# State to purchase 31,000 acres of AEP land



## UNCLEMIKE (Jul 23, 2014)

The DOW site has an article recently posted. State is buying 31,000 acres of AEP land. It will not be additional lands to hunt as it is already open to public hunting and fishing but it was at risk of being sold off as private land. Great news today for all of us public land hunters!


----------



## ya13ya03 (Sep 21, 2010)

Great news for sure.


----------



## Lewzer (Apr 5, 2004)

Awesome news but I cannot find anything that the actual sale has taken place. Any links?

https://www.backcountryhunters.org/a_conservation_focus_in_ohio_s_recently_signed_budget_bill

I did find this>

10/02/2019

COLUMBUS - The Ohio Department of Natural Resources and American Electric Power have reached an agreement that will secure more than 31,000 acres of public land in perpetuity for conservation and outdoor recreation, according to Ohio Gov. Mike DeWine. The acquisition includes properties in Muskingum, Morgan, Noble, and Guernsey counties and will be acquired in parcels over the next two years.

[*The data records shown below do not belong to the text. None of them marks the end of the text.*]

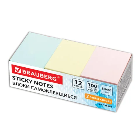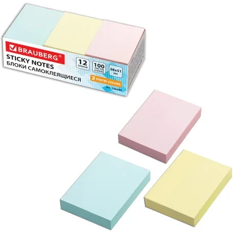 Блок для записей с клейким краем Brauberg 3 цвета, пастельный, 38х51мм, 100 листов, 12шт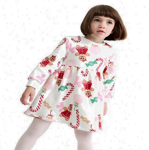 F&F Girls Cotton Rich Gingerbread and Candy Print Sweat Dress in Cream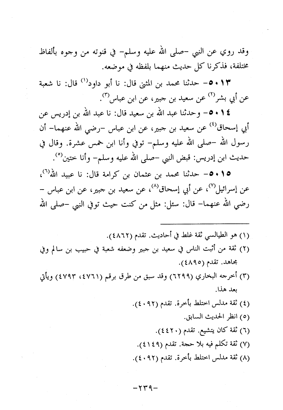 5013- حَدَّثنا مُحَمد بن المثنى، قَال: حَدَّثنا أَبُو داود، قَال: حَدَّثنا شُعْبَةُ، عَن أَبِي بِشْرٍ، عَن سَعِيد بْنِ جُبَير، عَنِ ابْنِ عَبَّاسٍ.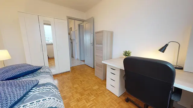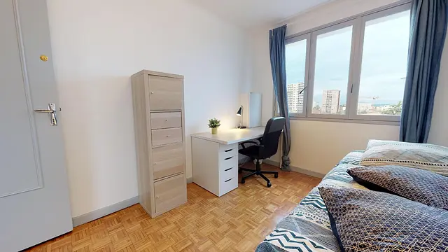 La chambre 2 bénéficie du même ameublement que les deux autres: lit simple modulable en lit double équipé de grands tiroirs de rangements, table de nuit avec lampe de chevet, bureau, grand placard avec penderie et petite colonne avec tiroirs. Egalement lumineuse et sans vis-à-vis, elle est calme et spacieuse.

"This is an historic addition to Ohio's public lands," said DeWine. "With this acquisition, we ensure that all of our citizens and future generations will continue to enjoy this scenic area and its resources."

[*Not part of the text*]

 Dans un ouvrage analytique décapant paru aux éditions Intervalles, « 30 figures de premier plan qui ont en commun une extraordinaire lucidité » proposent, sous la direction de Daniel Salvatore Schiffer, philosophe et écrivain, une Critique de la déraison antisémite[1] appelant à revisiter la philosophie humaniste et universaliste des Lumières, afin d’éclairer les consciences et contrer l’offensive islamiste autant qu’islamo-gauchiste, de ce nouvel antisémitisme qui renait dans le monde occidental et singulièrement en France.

The area has long been a popular destination for hunting, fishing, camping, and hiking. The property has 24 continuous miles of the Buckeye Trail traversing the area and includes 350 lakes and ponds and six campgrounds. It adjoins the existing Jesse Owens State Park.

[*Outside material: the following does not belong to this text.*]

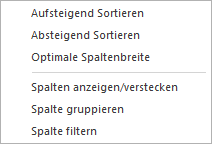 Über die Auswahl "Aufsteigend Sortieren" bzw. "Absteigend Sortieren" kann der Inhalt der Spalte sortiert werden.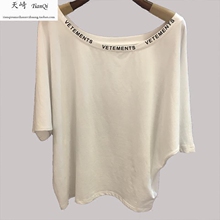 字母一字领蝙蝠袖棉质短袖T恤衫百搭显瘦宽松潮女OL泓利专柜正品

ODNR’s most recent purchase of 4,214 acres, was completed on Sept. 27. The additional 31,443 acres will be acquired in six installments starting March 2020. Combined with ODNR’s initial purchase of 5,713 acres in June 2018, a total of 41,369 acres of the land will be in public possession within two years. The State of Ohio also has the option to purchase 18,500 more acres in the area by June 2023, which could bring the total close to 60,000 acres.


----------



## BuckeyeFishin07 (Apr 10, 2017)

Hopefully they buy it all. The 60,000 would be close to all that is left down there that AEP has or had. Keep people from buying it up and posting it, like was going to happen if the state didn't step up!


----------